The benefits of oatmeal

     Oats have received a lot of popularity as a healthy food because of their many benefits, such as reducing blood sugar and cholesterol level.

They can be eaten as oatmeal (porridge) or used in baked goods, bread, muesli, granola and are most commonly rolled or crushed.                                                                                                                                                      

 Oatmeal is made by rolling or crushing the grains into flat flakes and toasting them lightly.

Quick oatmeal, also known as instant oatmeal, is made up of thinly rolled or cut oats that absorb water more quickly and cook faster.  The bran, or grain’s fiber-rich outer layer, is mainly eaten separately as a cereal, in muesli, or bread.

Oatmeal with protein powder is probably the best pre-workout meal because it provides both short and long-term energy to help you get through your workout.

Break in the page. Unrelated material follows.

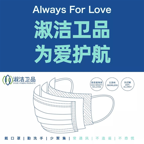 淑潔衛品二十年專注衛品護理,老品牌,可信賴。這次更是積極響應全民抗“疫”的號召,開發投產全新產品一次性口罩。 淑潔衛品,為愛護航! 聯系方式:電話/...
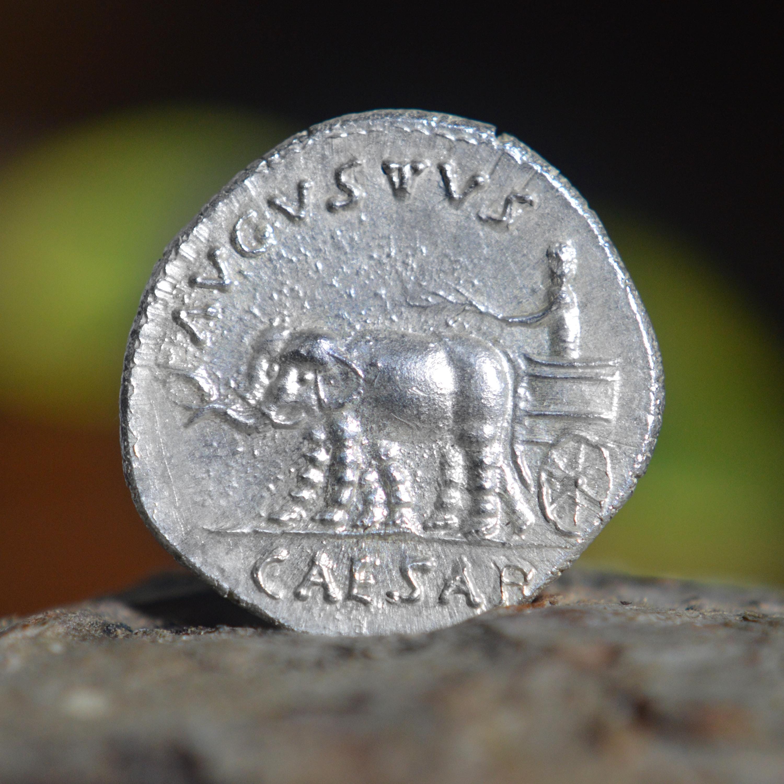 Reverse side: Augustus standing in biga of elephants, left, holding laurel branch in right hand and sceptre in left

Oatmeal meal ideas before workouts

     Blueberries, oatmeal, and protein powder

Oatmeal before workout. Oatmeal’s complex carbs break down slowly in your system, giving you more energy for more extended periods. Add a scoop of protein powder to boost the nutritional value. Antioxidants found in fruits such as blueberries, raspberries, and cherries will help protect muscles from damage caused by working out.

Since oats are heavy and take a long time to digest, save this snack for when you have more than an hour before a workout to digest them. Steel-cut or whole oats are also good options for a pre-workout snack.

However, when making oatmeal or oat-based cookies, make sure there isn’t a lot of sugar added, especially if you’re using packaged instant oatmeal. If you want something sweet, it’s better to use natural sugar from fruits such as berries or apples.

Eating oatmeal after a workout.

      Nutritious carbs like oatmeal, which quickly replenishes hardworking muscles, can be eaten immediately after a workout as well. Make a batch of hot oatmeal or throw a handful of oats into your favorite pancake recipe – it’s a quick and easy grain to cook. Whether oatmeal is eaten before or after a workout, the nutrients will do you good.

Nutrients in oatmeal that help develop muscle.

   Oatmeal provides nutrients that the body uses to create muscle, in addition to being high in complex carbohydrates and protein. 3.4 mg of iron and 0.9 mg of niacin are contained in one cup of dry oatmeal. The B vitamins aid in converting carbohydrates into energy, while iron aids in the transportation of oxygen into the bloodstream and muscles.

Oatmeal is beneficial to one’s digestive system.

     Oats can function as probiotics, which aid in the growth of beneficial bacteria in our gut. These beneficial bacteria can help to strengthen the immune system and improve gastrointestinal health, particularly in people who suffer from gastrointestinal disorders.